[Start of Attachment]

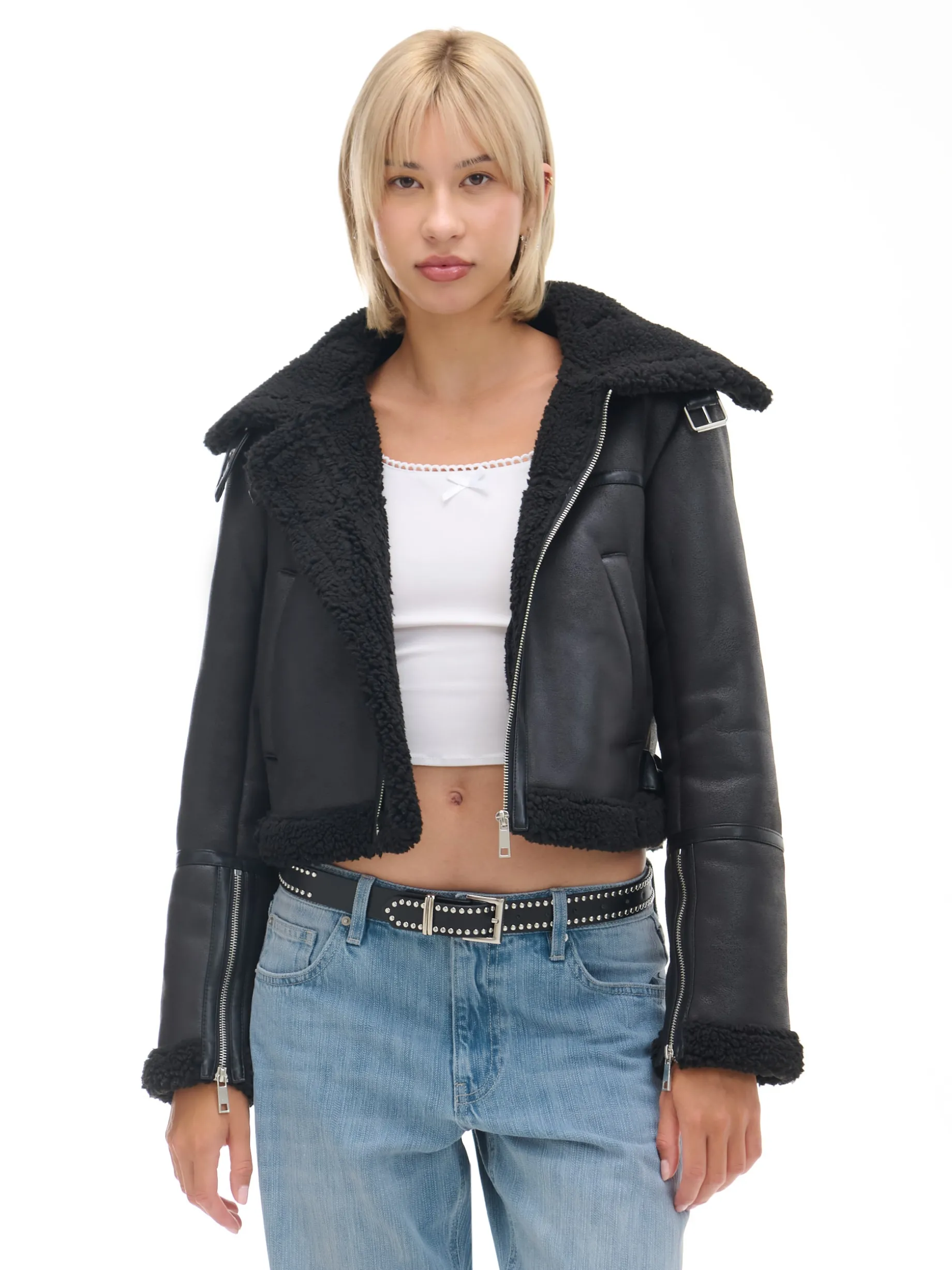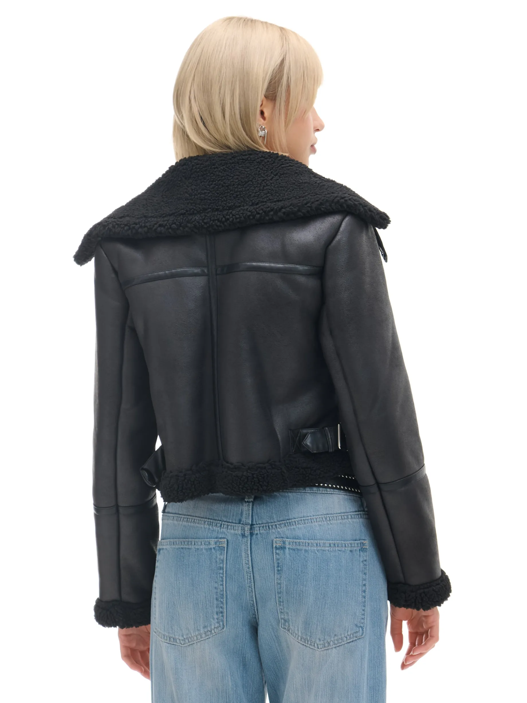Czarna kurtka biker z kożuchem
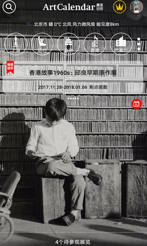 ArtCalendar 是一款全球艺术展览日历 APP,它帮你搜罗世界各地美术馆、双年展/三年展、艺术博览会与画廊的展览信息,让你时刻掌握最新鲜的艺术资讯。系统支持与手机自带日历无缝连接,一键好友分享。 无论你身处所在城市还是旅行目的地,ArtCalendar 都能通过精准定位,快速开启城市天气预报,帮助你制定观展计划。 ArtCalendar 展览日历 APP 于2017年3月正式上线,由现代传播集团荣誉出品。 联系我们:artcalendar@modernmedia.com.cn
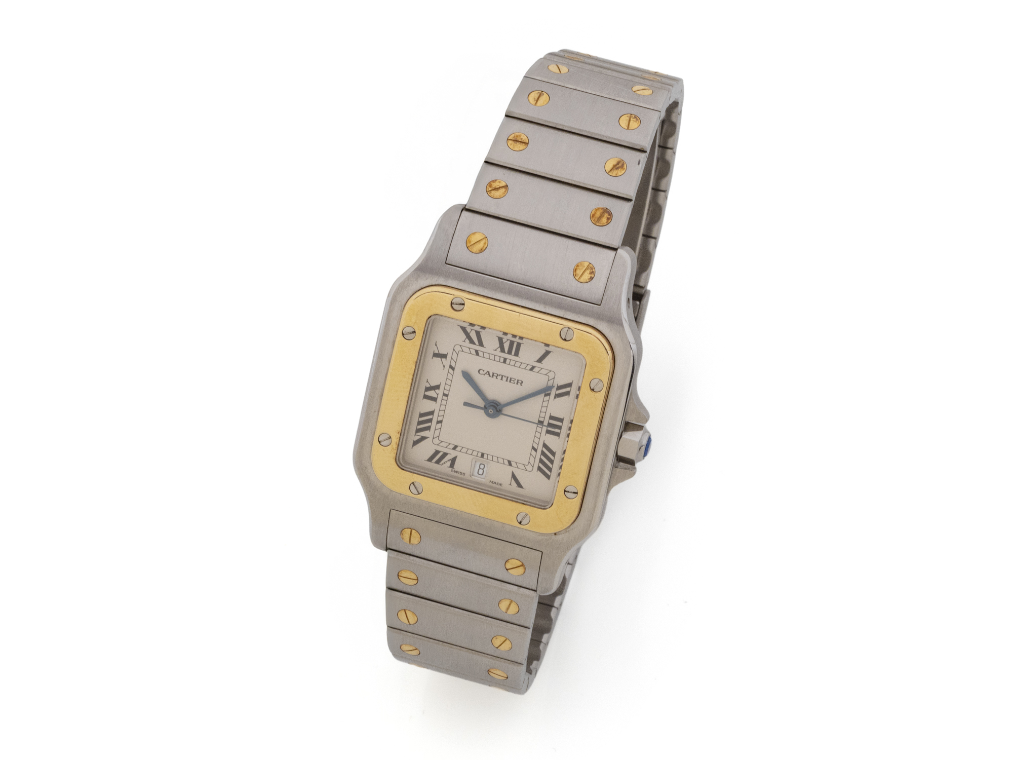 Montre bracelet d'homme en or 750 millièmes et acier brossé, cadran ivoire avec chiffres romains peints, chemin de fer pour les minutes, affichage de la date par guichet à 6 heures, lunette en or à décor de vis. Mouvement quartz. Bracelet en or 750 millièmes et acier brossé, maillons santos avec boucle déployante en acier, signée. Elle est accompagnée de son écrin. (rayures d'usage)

[End of Attachment]

▶ [Exercise]
In the answer, give only the lines from the top of the data above through the line with "都能通过精准定位,快速开启城市天气预报,帮助你制定观展计划。 ArtCalendar 展览日历", reproduced exactly; no picture may appear.

▶ [Answer section]
Czarna kurtka biker z kożuchem
 ArtCalendar 是一款全球艺术展览日历 APP,它帮你搜罗世界各地美术馆、双年展/三年展、艺术博览会与画廊的展览信息,让你时刻掌握最新鲜的艺术资讯。系统支持与手机自带日历无缝连接,一键好友分享。 无论你身处所在城市还是旅行目的地,ArtCalendar 都能通过精准定位,快速开启城市天气预报,帮助你制定观展计划。 ArtCalendar 展览日历 APP 于2017年3月正式上线,由现代传播集团荣誉出品。 联系我们:artcalendar@modernmedia.com.cn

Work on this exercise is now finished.